**TASK TO CARRY OUT:**
Every line of the listing below from the one with "berdasarkan keterangan pengendara" up to and including the one with "① ② 『もつ鍋』:「博多もつ鍋" should be retyped exactly, and nothing else; pictures are not part of the copy.

**LISTED ENTRIES:**
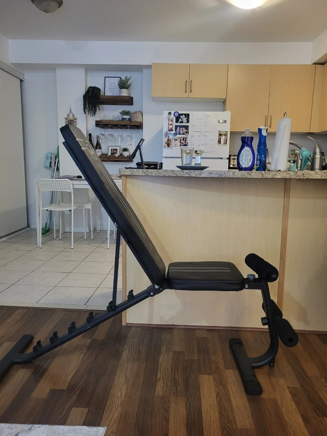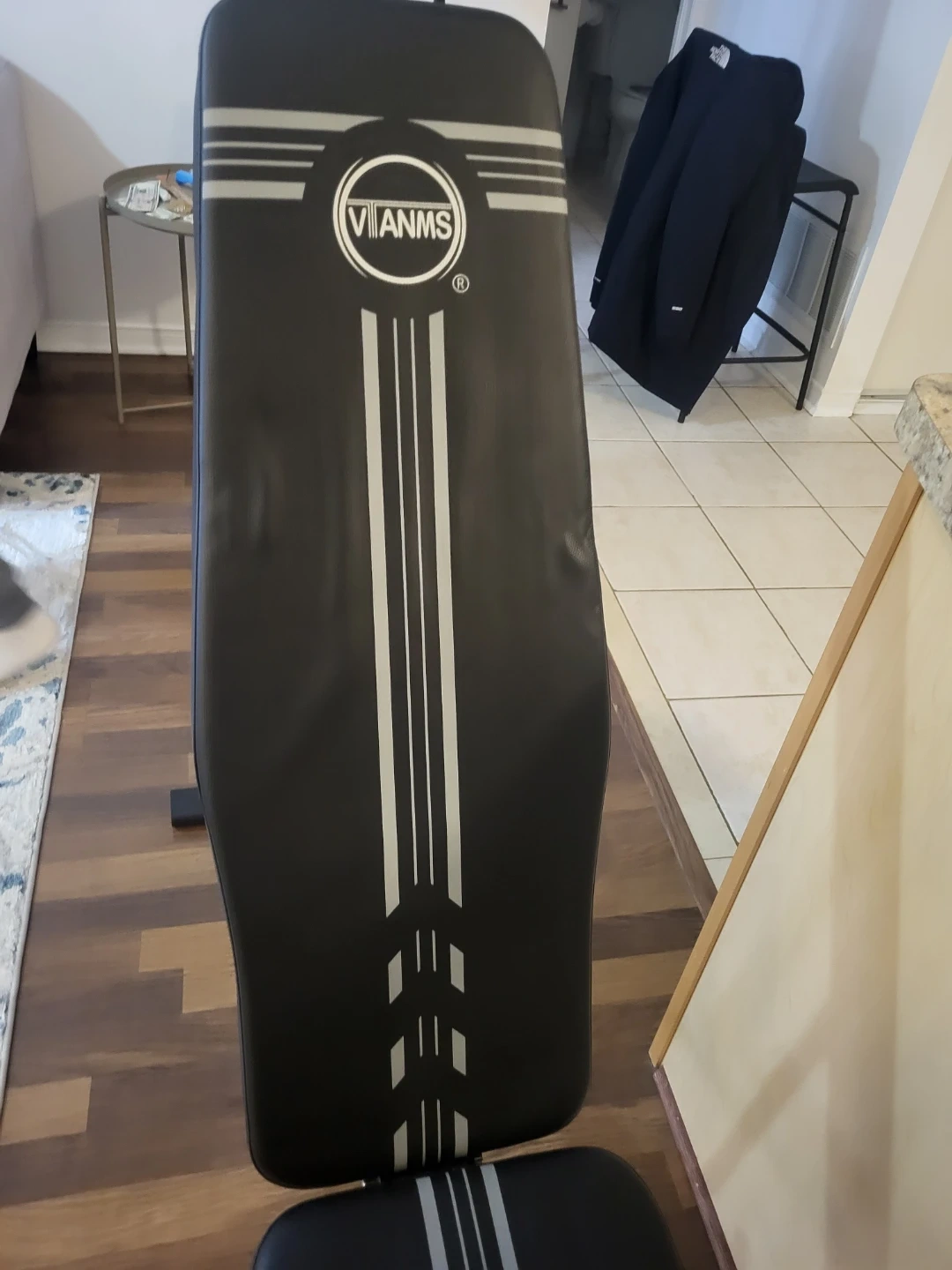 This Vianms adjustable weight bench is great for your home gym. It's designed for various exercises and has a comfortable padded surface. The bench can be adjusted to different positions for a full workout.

--

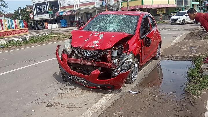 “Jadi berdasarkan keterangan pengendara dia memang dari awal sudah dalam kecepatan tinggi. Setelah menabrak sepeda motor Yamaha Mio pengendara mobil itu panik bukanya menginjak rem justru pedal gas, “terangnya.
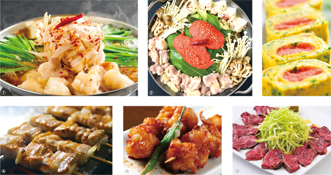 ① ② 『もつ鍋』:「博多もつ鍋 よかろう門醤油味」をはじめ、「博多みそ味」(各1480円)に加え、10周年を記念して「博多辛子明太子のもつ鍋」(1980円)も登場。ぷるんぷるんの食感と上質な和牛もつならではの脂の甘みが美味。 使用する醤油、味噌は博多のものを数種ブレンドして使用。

---

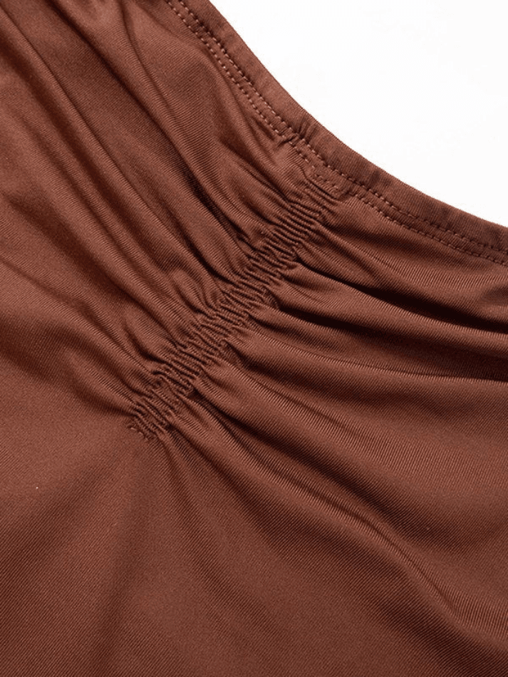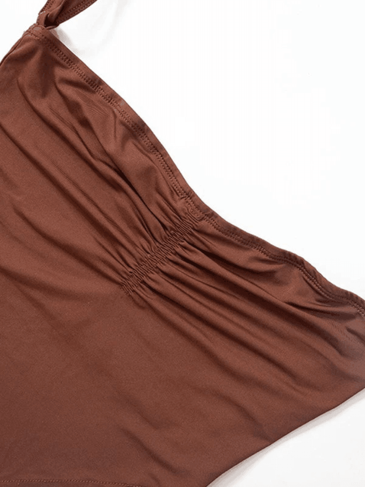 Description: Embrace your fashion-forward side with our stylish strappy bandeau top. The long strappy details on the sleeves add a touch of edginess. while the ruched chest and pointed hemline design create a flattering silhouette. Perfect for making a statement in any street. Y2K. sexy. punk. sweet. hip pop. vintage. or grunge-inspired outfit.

**SOLVED EXERCISE:**
 “Jadi berdasarkan keterangan pengendara dia memang dari awal sudah dalam kecepatan tinggi. Setelah menabrak sepeda motor Yamaha Mio pengendara mobil itu panik bukanya menginjak rem justru pedal gas, “terangnya.
 ① ② 『もつ鍋』:「博多もつ鍋 よかろう門醤油味」をはじめ、「博多みそ味」(各1480円)に加え、10周年を記念して「博多辛子明太子のもつ鍋」(1980円)も登場。ぷるんぷるんの食感と上質な和牛もつならではの脂の甘みが美味。 使用する醤油、味噌は博多のものを数種ブレンドして使用。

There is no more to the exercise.